Entre el populoso movimiento de los rostros, divisó uno al que la quietud otorgaba, hasta entonces, una desconocida individualidad. Sentado sobre un banco y dado al reposo fatigado de los ojos, lo vio rodeado de una concurrencia agobiante. A su alrededor, ninguna erigida arquitectura atesoraba dimensiones semejantes a las documentadas por los pueblos; ningún conocido atuendo se condecía con los que cubrían a los hombres de ese tropel.

Erik IV de Dinamarca (o el sueño suyo) había urdido, en aquella secreta actividad, a la inconcebible e inexistente Manhattan, pero su comprensión nunca logró que el fenómeno fuese inteligible. Había sido testigo de otro tiempo, sin ánimo de metáforas: lo que por la lógica periodicidad aún no había sido forjado. Lo que ignoró fue que lo divisado respondía a algo real, como particularmente aquel sosegado hombre, cuyo nombre, de forma alguna, supo y no entendió: Timothy Payne.

Con el horror propio que conceden las pesadillas, el rey volvió al hábito de la oscuridad. La trémula mano rozó la frente pero no acertó a recordar dónde se encontraba. Nada más de las precedentes y exactas vicisitudes se sabe, haciendo salvedad de lo que, en general, la historia narra; lo retuvieron las labores administrativas de su responsabilidad y a la visión la deshizo el olvido: su continuo ejercicio bélico; la dudosa condescendencia tratada con su hermano en Schleswig; el esperado filo de la espada y unos pescadores regresando su cuerpo para que finalmente pertenezca a Ringsted. Todos estos sucesos propiciaron el desmembramiento de, siquiera, un posible recuerdo de lo soñado.

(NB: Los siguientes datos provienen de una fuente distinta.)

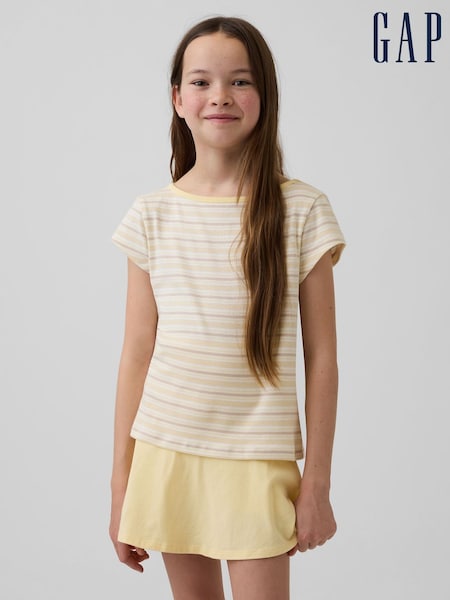 Gap Yellow Stripe Cap-Sleeve Fitted T-Shirt (4-13yrs)

Los siglos transcurrieron como si deliberadamente procuraran que un día de otoño de 1895 naciese, en Queens, una persona bajo el nombre de Timothy Payne.

La prematura influencia de su abuelo paterno lo animó en las lecturas de Menger y Böhm-Bawerk; posteriormente, tras arduos y constantes años, se doctoraría en la Columbia University. Sus estudios y su respectiva profesión lo habían arraigado ya hace tiempo a Manhattan.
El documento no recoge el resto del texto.